Saved data entries
+ + +

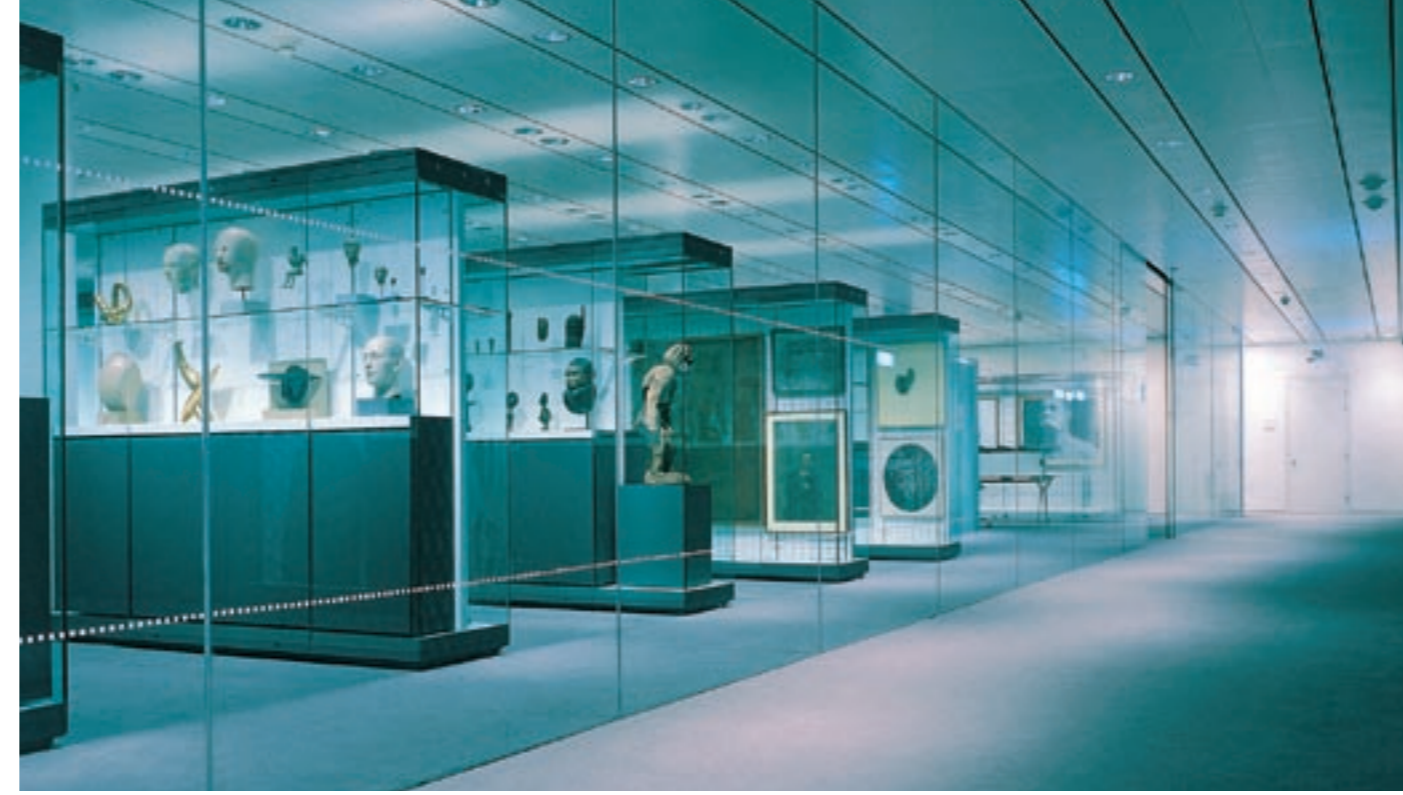
Guard valuable collections in libraries and museums
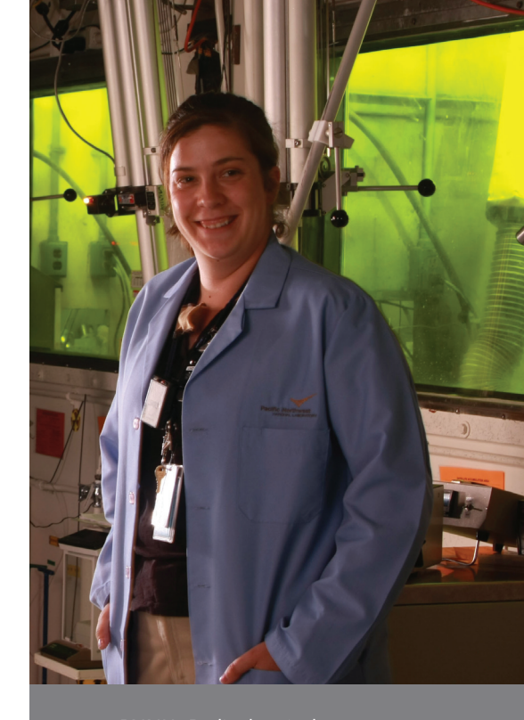
PNNL's Radiochemical Processing Laboratory is a Hazard Category 2 non-reactor nuclear lab that facilitates work with highly radioactive materials. Researchers in the RPL are advancing solutions in radioactive and hazardous waste cleanup, nuclear fuel processing and disposal, and medical isotope production.

PNNL's energy and environment experts serve as resources to policymakers, lead national forums, and participate in prestigious professional societies and academies. We understand the importance of research collaborations, and we frequently partner with other national laboratories, industry, and universities. We recently reached landmark agreements with China to work together in energy, science, and security.
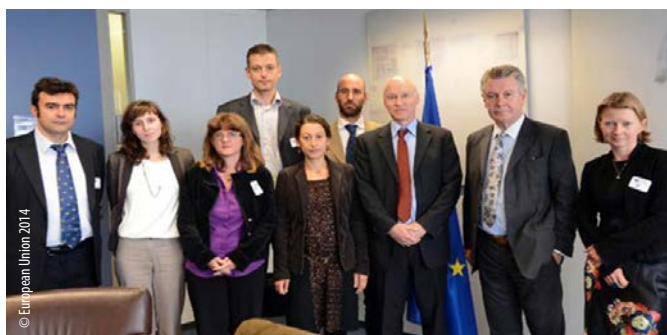
Green 10 representatives including HEAL present their position on TTIP to EU Commissioner for Trade, Karel de Gucht (second from right).

The Green10 is a group of the ten leading environmental organisations active at EU level. As a member, HEAL values working with these organisations to gather expertise and produce sound evidence, and to multiply the impact of our efforts. Exchanges with top level EU Commission officials such as the EU Commissioner for Environment Janez Potočnik have helped to raise HEAL's profile and ensured health considerations were taken up in horizontal EU policy deliberations. This was particularly impactful during the Irish EU Presidency and the agreement on the 7th EU Environmental Action Programme (EAP).
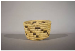
Title: Basket Primary Maker: Tohono O'odham Medium: woven yucca and devil's claw
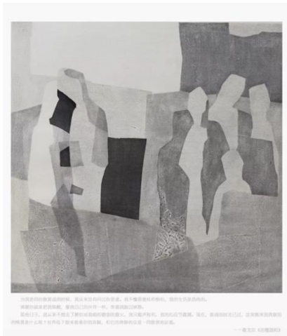
Figure 2 Tagore, the original work of Wu Su's "Jitanjali".

impulse for artistic creation is the nature (talent) of most artists, and their artistic impulse brings a broader space for illustration creation, which seems to be "breaking away from textual narrative". Literary illustrations have always been a profound inspiration for the development of images towards the direction of painting creation, and have also inspired many artists to showcase their artistic talents while achieving "text correspondence". Even in the serious creation of popular science illustrations, artists consciously showcase their exquisite creativity. ("Figure 2") Xiao Yong from Guangzhou Academy of Fine Arts showcased wonderful visual effects in his illustration of Fabre's "Insect Chronicles" ("Figure 3"). From the images, not only are the biological forms of insects visible, but readers can also enjoy a pleasant aesthetic experience in the appreciation activities. Of course, Fabre's "Insect Chronicles", as a creative template, has a strong literary quality. French writer Hugo or Chinese writers Lu Xun(鲁迅) [5], Zhou Zuoren(周作人), and Ba Jin have praised his works generously. Taking the illustration exhibition of the National Art Exhibition as the research object, it can be found that the situation of breaking away from textual narrative gradually expands with the opening and diversification of cultural concepts. ("Figure 4")
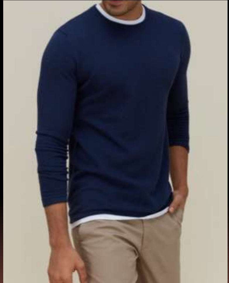
Style # SC - 8062
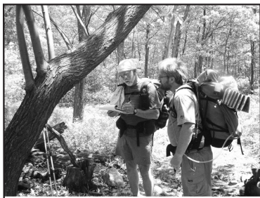
Figure 1: New Jersey American chestnut north of Sunfish Pond.

By utilizing the concept of the transect, this pilot study set out to better define best practices for establishing 1) a baseline snapshot of chestnut density along the Appalachian Trail and 2) a data set from which those variables that define chestnut occurrence could be extracted. In addition, by incorporating the use of volunteer citizen scientists, the project has an added benefit of increasing awareness not only among project participants, but also several communities of hikers, naturalists, and residents along the trail.

+ + +

** YOUR ASSIGNMENT **
Be exact. Write out all the entries and omit the pictures.

** YOUR SOLUTION **
Guard valuable collections in libraries and museums
PNNL's Radiochemical Processing Laboratory is a Hazard Category 2 non-reactor nuclear lab that facilitates work with highly radioactive materials. Researchers in the RPL are advancing solutions in radioactive and hazardous waste cleanup, nuclear fuel processing and disposal, and medical isotope production.

PNNL's energy and environment experts serve as resources to policymakers, lead national forums, and participate in prestigious professional societies and academies. We understand the importance of research collaborations, and we frequently partner with other national laboratories, industry, and universities. We recently reached landmark agreements with China to work together in energy, science, and security.
Green 10 representatives including HEAL present their position on TTIP to EU Commissioner for Trade, Karel de Gucht (second from right).

The Green10 is a group of the ten leading environmental organisations active at EU level. As a member, HEAL values working with these organisations to gather expertise and produce sound evidence, and to multiply the impact of our efforts. Exchanges with top level EU Commission officials such as the EU Commissioner for Environment Janez Potočnik have helped to raise HEAL's profile and ensured health considerations were taken up in horizontal EU policy deliberations. This was particularly impactful during the Irish EU Presidency and the agreement on the 7th EU Environmental Action Programme (EAP).
Title: Basket Primary Maker: Tohono O'odham Medium: woven yucca and devil's claw
Figure 2 Tagore, the original work of Wu Su's "Jitanjali".

impulse for artistic creation is the nature (talent) of most artists, and their artistic impulse brings a broader space for illustration creation, which seems to be "breaking away from textual narrative". Literary illustrations have always been a profound inspiration for the development of images towards the direction of painting creation, and have also inspired many artists to showcase their artistic talents while achieving "text correspondence". Even in the serious creation of popular science illustrations, artists consciously showcase their exquisite creativity. ("Figure 2") Xiao Yong from Guangzhou Academy of Fine Arts showcased wonderful visual effects in his illustration of Fabre's "Insect Chronicles" ("Figure 3"). From the images, not only are the biological forms of insects visible, but readers can also enjoy a pleasant aesthetic experience in the appreciation activities. Of course, Fabre's "Insect Chronicles", as a creative template, has a strong literary quality. French writer Hugo or Chinese writers Lu Xun(鲁迅) [5], Zhou Zuoren(周作人), and Ba Jin have praised his works generously. Taking the illustration exhibition of the National Art Exhibition as the research object, it can be found that the situation of breaking away from textual narrative gradually expands with the opening and diversification of cultural concepts. ("Figure 4")
Style # SC - 8062
Figure 1: New Jersey American chestnut north of Sunfish Pond.

By utilizing the concept of the transect, this pilot study set out to better define best practices for establishing 1) a baseline snapshot of chestnut density along the Appalachian Trail and 2) a data set from which those variables that define chestnut occurrence could be extracted. In addition, by incorporating the use of volunteer citizen scientists, the project has an added benefit of increasing awareness not only among project participants, but also several communities of hikers, naturalists, and residents along the trail.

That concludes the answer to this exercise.